In their June issue, Seattle Met Magazine presents Light a Fire 2018, shining a light on the city’s most impressive nonprofits and the people who run them. This year, our SAM Director and CEO Kimerly Rorschach has been awarded Extraordinary Executive Director!
Esquire profiles Middle Fork artist John Grade, who has a new work in an unexpected location: Nordstrom’s new men’s store in Manhattan.
Local News
Did you catch Danai Gurira’s Familiar at the Seattle Rep? Two takes on the play ran in advance of the play’s final weekend from City Arts’ Gemma Wilson and The Stranger’s Charles Mudede.
You will find me NOWHERE NEAR those glass benches. But for those without fear, check out Seattle Magazine’s look at the Olson Kundig revamp of the 56-year-old Space Needle.

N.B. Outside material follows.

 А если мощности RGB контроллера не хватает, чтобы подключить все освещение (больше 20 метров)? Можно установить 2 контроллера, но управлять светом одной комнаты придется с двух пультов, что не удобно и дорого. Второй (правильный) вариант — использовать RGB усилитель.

Mac Hubbard for Seattle Met on the launch of Sunday Salons, the latest gallery around town to pop-up in an apartment; this one hosts the FoodArt Collection of Jeremy Buben.

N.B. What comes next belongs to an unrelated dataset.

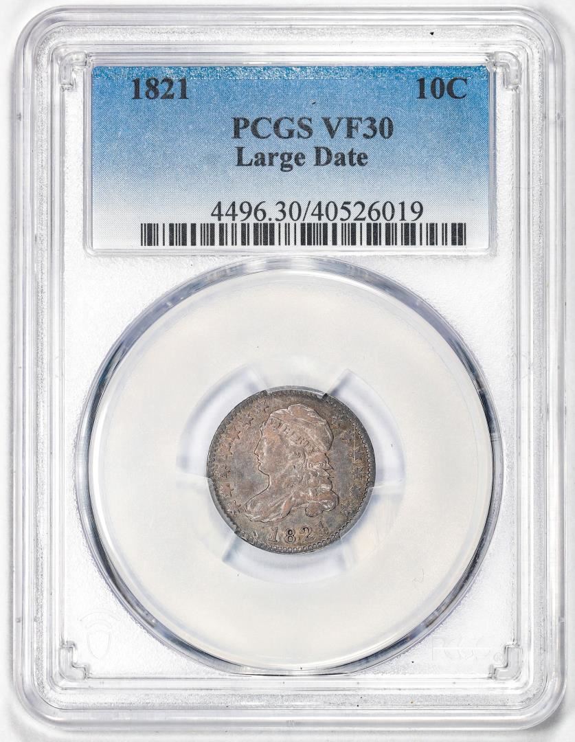 One 1821 Large Date Capped Bust Dime Coin PCGS VF30. PCGS Graded.

“This ability to approach and resonate with our relationship to food is part of Buben’s perpetual interest in this work. And the room for creative license is apparent from the trappings of the apartment: a nude with parts shielded by pancakes and a waffle wedge, neon indicative of diners, a mold of a Cheetos bag housing an air plant.”
Inter/National News
Eileen Kinsella for Artnet on a show about sports and social justice opening in September at the High Museum in Atlanta; it will feature works by artist Glenn Kaino in collaboration with Olympic athlete and activist Tommie Smith.
Artnet’s Sarah Cascone on the shuttering of the much-troubled and once-beloved Interview Magazine.
Ksenya Gurshtein for Hyperallergic on an exhibition of early American photography at the J. Paul Getty Museum that reveals much about the complexities of American life during the 1840s to the 1860s.
“It’s necessary to look to such images as a reminder that evil has long been done in the name of national interests and that photography was as suspect at its inception as it is today, in the age of fake news and truthiness.”
And Finally
This is something I can get behind: Lunch at 11 am. It’s OK to be hungry! Eating is good!